** RECORDS follows **

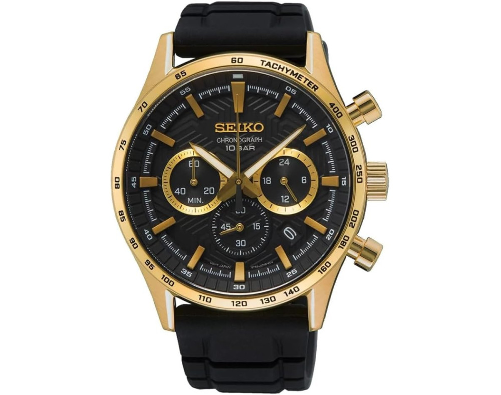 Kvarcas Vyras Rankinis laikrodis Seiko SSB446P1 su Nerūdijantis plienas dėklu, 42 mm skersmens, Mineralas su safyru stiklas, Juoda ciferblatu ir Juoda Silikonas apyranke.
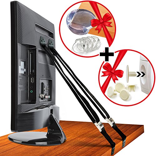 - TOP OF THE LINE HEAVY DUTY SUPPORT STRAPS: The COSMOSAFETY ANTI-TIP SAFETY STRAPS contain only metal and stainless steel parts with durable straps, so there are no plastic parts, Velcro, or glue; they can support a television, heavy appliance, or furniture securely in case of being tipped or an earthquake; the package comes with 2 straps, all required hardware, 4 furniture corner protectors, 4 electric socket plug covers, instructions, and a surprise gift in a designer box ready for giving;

** End of RECORDS **
** RECORDS follows **

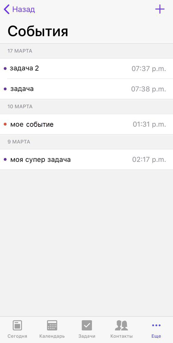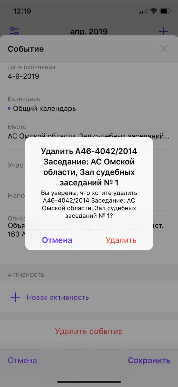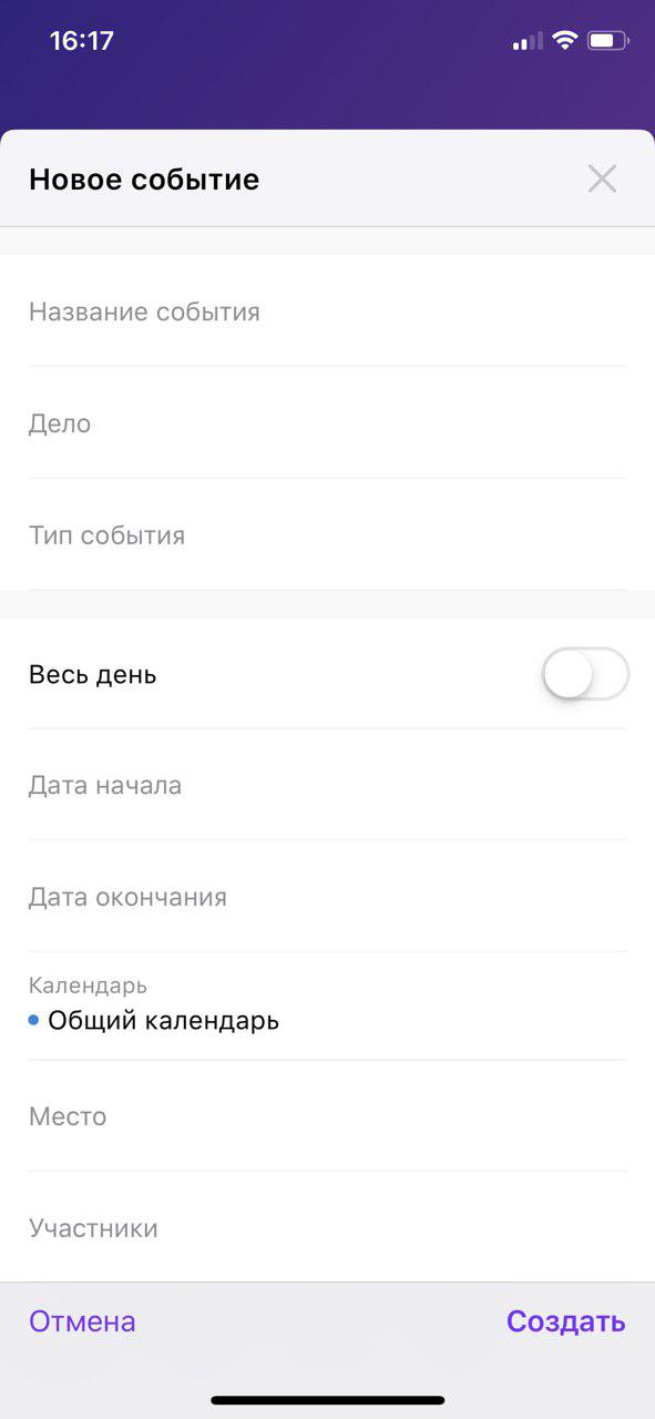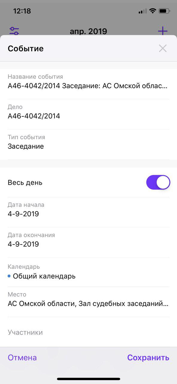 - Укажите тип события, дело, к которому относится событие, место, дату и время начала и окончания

** End of RECORDS **

» TASK TO COMPLETE:
Copy out exactly the material that runs from the line with "Kvarcas Vyras Rankinis" to the line with "- TOP OF THE", ends included, and leave the pictures behind.

» EXERCISE RESPONSE:
 Kvarcas Vyras Rankinis laikrodis Seiko SSB446P1 su Nerūdijantis plienas dėklu, 42 mm skersmens, Mineralas su safyru stiklas, Juoda ciferblatu ir Juoda Silikonas apyranke.
 - TOP OF THE LINE HEAVY DUTY SUPPORT STRAPS: The COSMOSAFETY ANTI-TIP SAFETY STRAPS contain only metal and stainless steel parts with durable straps, so there are no plastic parts, Velcro, or glue; they can support a television, heavy appliance, or furniture securely in case of being tipped or an earthquake; the package comes with 2 straps, all required hardware, 4 furniture corner protectors, 4 electric socket plug covers, instructions, and a surprise gift in a designer box ready for giving;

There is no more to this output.